- Problem details: Go to the line containing "You'll love these" in the records below and print it and every following line exactly, on through the line containing "This an offer", then stop.

- Provided records:
--------------------------------------------------

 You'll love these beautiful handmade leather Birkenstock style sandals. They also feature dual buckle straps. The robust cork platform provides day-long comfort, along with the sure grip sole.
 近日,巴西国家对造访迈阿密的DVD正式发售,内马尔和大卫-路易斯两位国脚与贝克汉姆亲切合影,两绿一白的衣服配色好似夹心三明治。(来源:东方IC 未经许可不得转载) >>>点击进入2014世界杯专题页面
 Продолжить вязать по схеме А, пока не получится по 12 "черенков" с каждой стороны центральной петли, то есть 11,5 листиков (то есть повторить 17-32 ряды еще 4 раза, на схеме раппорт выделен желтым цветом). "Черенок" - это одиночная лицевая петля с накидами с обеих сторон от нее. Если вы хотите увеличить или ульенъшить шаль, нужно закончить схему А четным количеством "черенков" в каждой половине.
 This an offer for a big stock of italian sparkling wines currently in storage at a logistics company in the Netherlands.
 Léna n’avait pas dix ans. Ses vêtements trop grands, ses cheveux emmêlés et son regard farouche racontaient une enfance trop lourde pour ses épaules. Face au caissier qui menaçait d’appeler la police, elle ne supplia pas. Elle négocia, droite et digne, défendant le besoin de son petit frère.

--------------------------------------------------

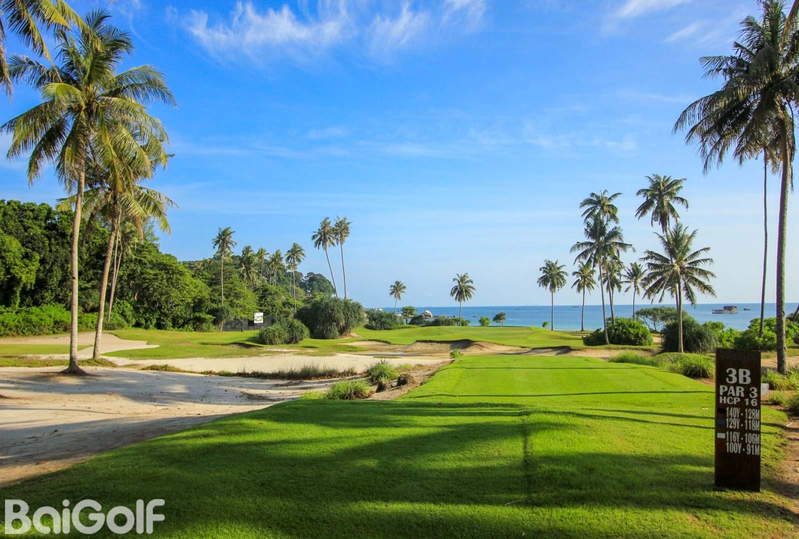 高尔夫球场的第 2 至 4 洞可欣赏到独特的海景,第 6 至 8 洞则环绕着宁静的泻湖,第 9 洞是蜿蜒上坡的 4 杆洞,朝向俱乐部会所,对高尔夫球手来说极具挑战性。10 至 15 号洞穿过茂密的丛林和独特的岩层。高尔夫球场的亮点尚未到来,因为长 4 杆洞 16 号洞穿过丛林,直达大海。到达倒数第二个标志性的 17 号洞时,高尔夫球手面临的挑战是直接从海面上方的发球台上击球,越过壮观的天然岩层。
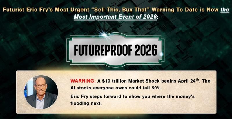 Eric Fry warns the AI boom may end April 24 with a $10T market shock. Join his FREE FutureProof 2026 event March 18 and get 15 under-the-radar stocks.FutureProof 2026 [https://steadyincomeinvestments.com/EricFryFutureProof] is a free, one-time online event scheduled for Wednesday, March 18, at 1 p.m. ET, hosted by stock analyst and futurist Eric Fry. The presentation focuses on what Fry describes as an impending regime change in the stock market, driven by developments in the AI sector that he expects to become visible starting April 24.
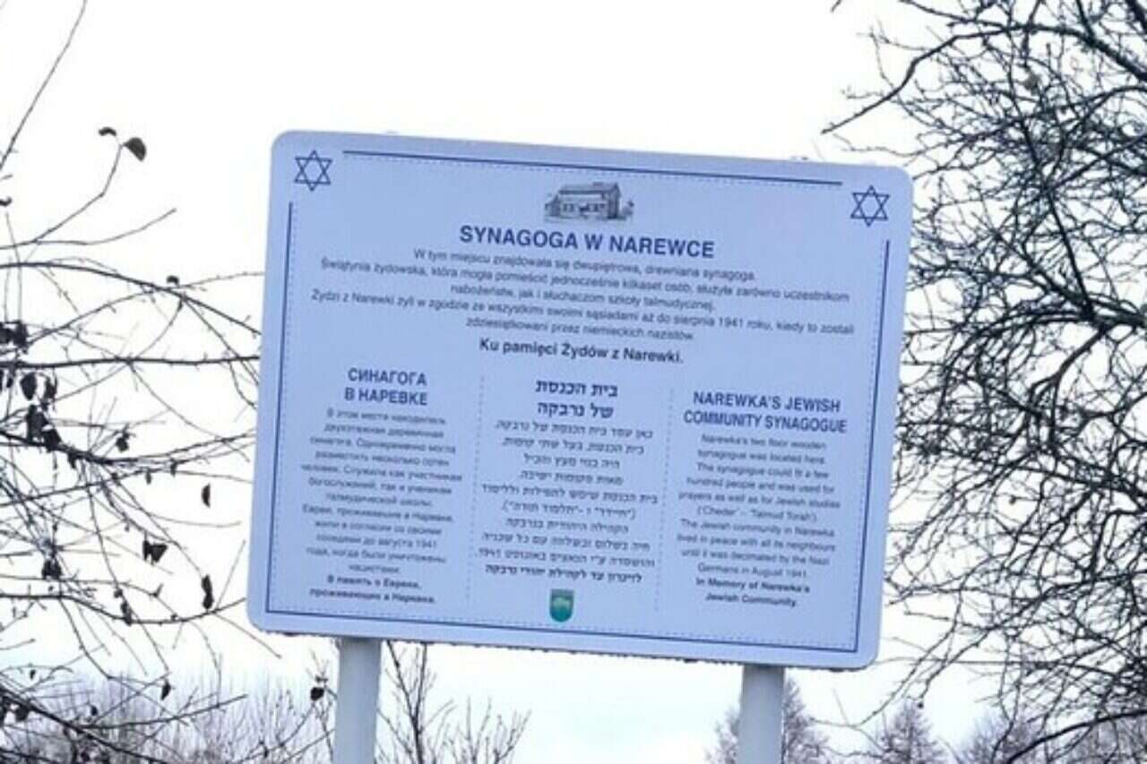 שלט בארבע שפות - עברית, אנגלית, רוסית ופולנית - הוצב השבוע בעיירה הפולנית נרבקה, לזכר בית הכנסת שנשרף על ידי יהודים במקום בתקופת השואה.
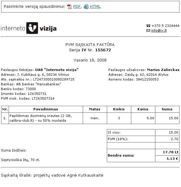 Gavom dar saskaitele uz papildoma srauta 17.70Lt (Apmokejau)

--------------------------------------------------

- Result for this exercise:
 You'll love these beautiful handmade leather Birkenstock style sandals. They also feature dual buckle straps. The robust cork platform provides day-long comfort, along with the sure grip sole.
 近日,巴西国家对造访迈阿密的DVD正式发售,内马尔和大卫-路易斯两位国脚与贝克汉姆亲切合影,两绿一白的衣服配色好似夹心三明治。(来源:东方IC 未经许可不得转载) >>>点击进入2014世界杯专题页面
 Продолжить вязать по схеме А, пока не получится по 12 "черенков" с каждой стороны центральной петли, то есть 11,5 листиков (то есть повторить 17-32 ряды еще 4 раза, на схеме раппорт выделен желтым цветом). "Черенок" - это одиночная лицевая петля с накидами с обеих сторон от нее. Если вы хотите увеличить или ульенъшить шаль, нужно закончить схему А четным количеством "черенков" в каждой половине.
 This an offer for a big stock of italian sparkling wines currently in storage at a logistics company in the Netherlands.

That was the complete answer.